I assume this is why (.put timeouts-map timeout timeout-entry)
happens before (.put timeouts-queue timeout-entry)
:
in order to maximize the chances of other threads creating timeout channels in close proximity getting a cache hit.
There is another issue where two requests for a new timeout channel happen in such a way that the
(.put timeouts-map timeout timeout-entry)
didn’t yet finish but a new request already passed
the caching logic evaluating to false
on line 64.
It was likely not deemed as a big enough problem to worry about since the timeout daemon will
clean it up and the cache is doing a good enough job limiting the creation of timeout channels most
of the time.
timeout-daemon
timeout-entrys
that hold the channel need to be expired and have their channel close.
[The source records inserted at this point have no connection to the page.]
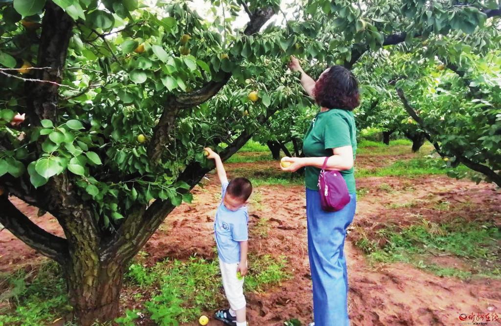 又到瓜果成熟季,在忻府區(qū)奇村鎮(zhèn)趙家莊的生態(tài)莊園里,香甜可口的水果掛滿枝頭,吸引了很多市民前來享受采摘的樂趣?!拔颐磕甓紩?huì)帶著孩子來這里采摘,這里的水果不打農(nóng)藥、不催熟,自然生長(zhǎng),口感特別好。通過采摘不僅能增加父母和孩子之間感情交流,還能讓孩子們體驗(yàn)勞動(dòng)的辛苦和快樂,了解各類水果的生長(zhǎng)過程,感受大自然的奇特和美妙?!闭诓烧睦钆啃χf。 (記者 李 濤 攝影報(bào)道)
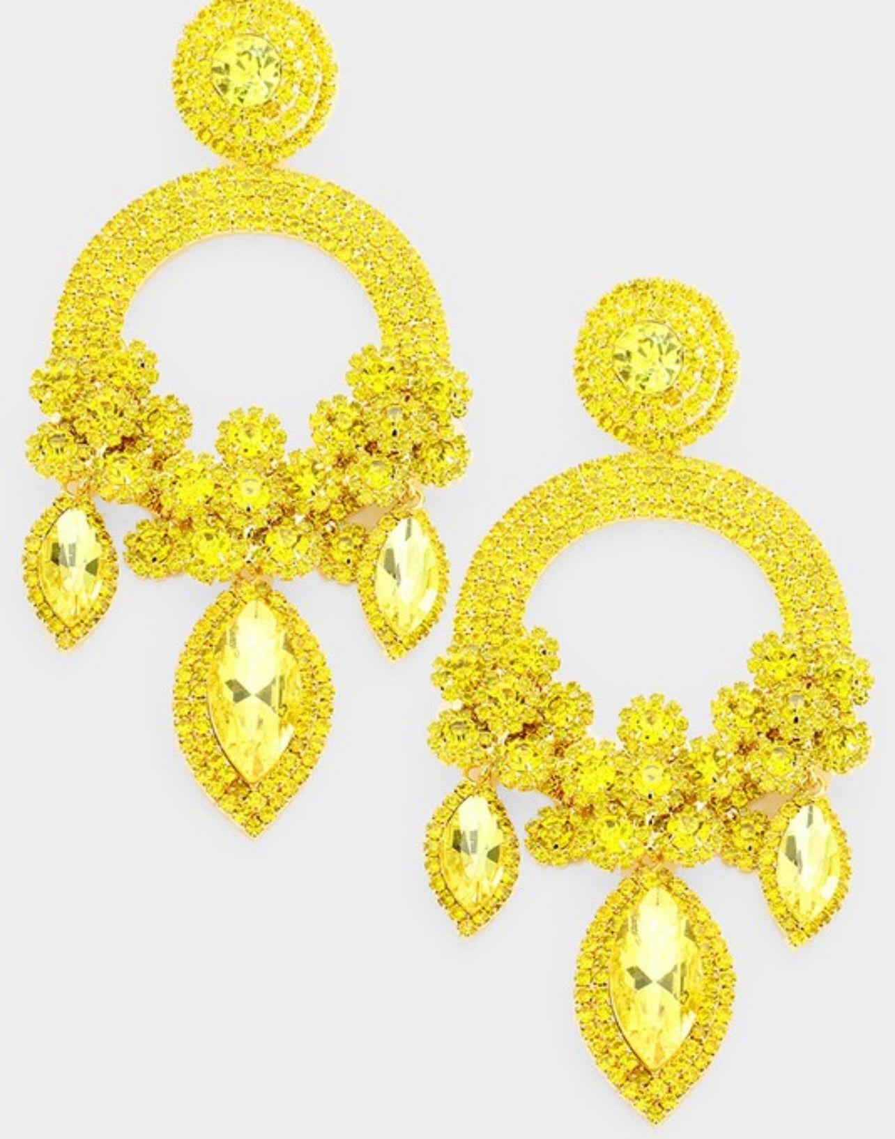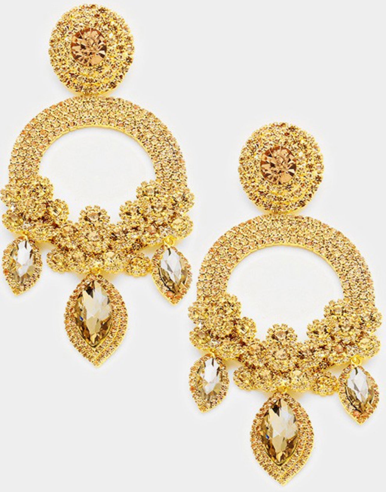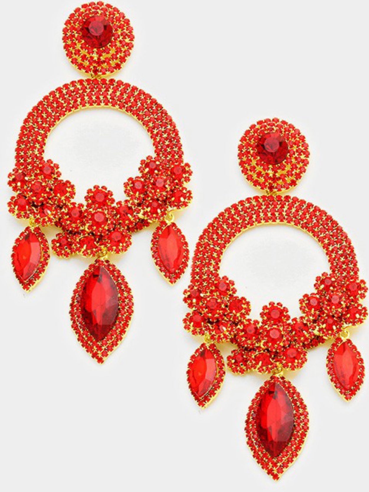 • Oversized Marquise Triple Flower Chandelier Evening Earring
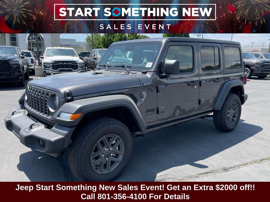 Adventure starts here with the new Jeep Wrangler, available now at Sky CDJR of Provo! As your local Jeep dealership near Salt Lake City, we know how to match Utah drivers with legendary 4x4 capability and open-road freedom. Whether itâs mountain trails or desert drives, the Wrangler is ready to take you there. Call 801-356-4100 today to start your next adventure! Granite Crystal Metallic Clearcoat 2025 Jeep Wrangler Sport S 4WD 8-Speed Automatic 3.6L V6 24V VVT
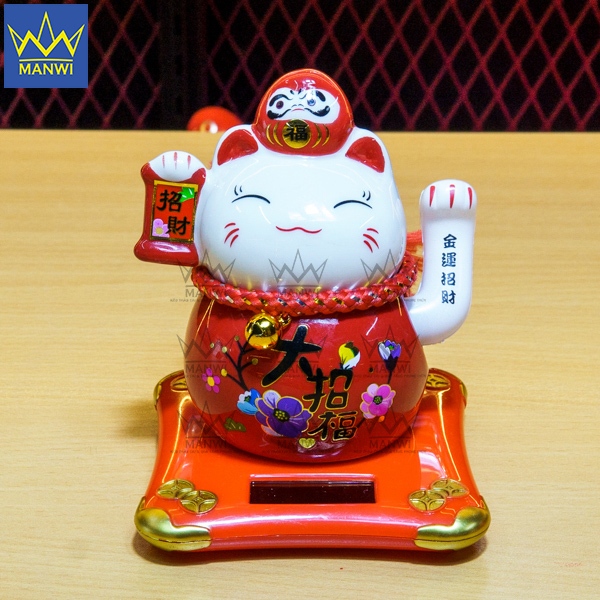 Mèo Thần Tài Vẫy Tay Khai Sắc Daruma - Đỏ là chú mèo có thiết kế đặc biệt. Khi có có hai biểu tượng may mắn trong cùng một vật thể. Ở Nhật bản, có 2 vật phong thuỷ rất nổi tiếng đó là Maneki-nekoDaruma. Cả hai đều có công dụng ban phước tài lộc, may mắn cho người sở hữu. Nhưng nay nó đã được xuất hiện chung với nhau, hứa hẹn sẽ mang lại rất nhiều điều tốt đẹp đến với gia chủ. Là món đồ phong thủy giá trị nên Manwi luôn cẩn thận, đảm bảo chất lượng đến với khách hàng. Ngoài ra, mèo thần tài còn được tặng kèm theo chiếc hộp rất xinh; chiếc hộp có những hoa văn thích hợp để làm quà tặng trong những dịp đặc biệt.
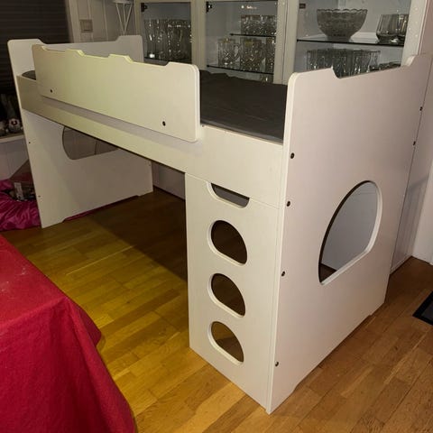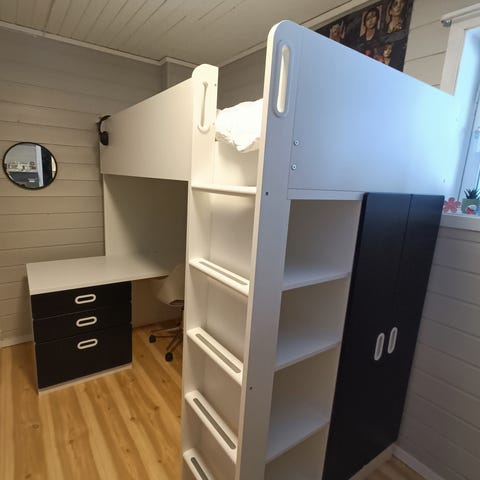 IKEA loftseng med skrivepult og oppbevaring grå/hvit

This is done by a daemon thread that constantly tries to .take
from the timeouts-queue
and once
a timeout-entry
is successfuly removed, delete it from the timeouts-map
cache.
Architecture considerations for your code
- Timeout values of 10ms or lower are too low and shouldn’t be used
- Two timeout channels that are created at about the same timestamp and differ in less than 10ms delay are considered identical
- Since
timeout
adds the delay to current time, code like(a/timeout Long/MAX_VALUE)
will blow up withArithmeticException integer overflow
(orIllegalArgumentException
in case of big nums). If you really want a channel that never closes just create a regular one and never close it. - Do not call
close!
on a timeout channel. Since they are shared and mutable you will likely close a channel in anothergo
routine which could lead to strange behavior. - Doing many takes on what appear to be distinct timeout channels could result in assertion errors.
While this can blow up with
MAX-QUEUE-SIZE
error:
(def t (a/timeout 1000))
(dotimes [_ 1025] (a/take! t (fn [_])))
So can this:
(let [timeouts (vec (repeatedly 10 #(a/timeout 10000)))]
(doseq [tc timeouts]
(dotimes [_ 110] (a/take! tc (fn [_])))))
I don’t think this matters much from a practical standpoint, but assuming that timeout
returns a semantically new value is incorrect.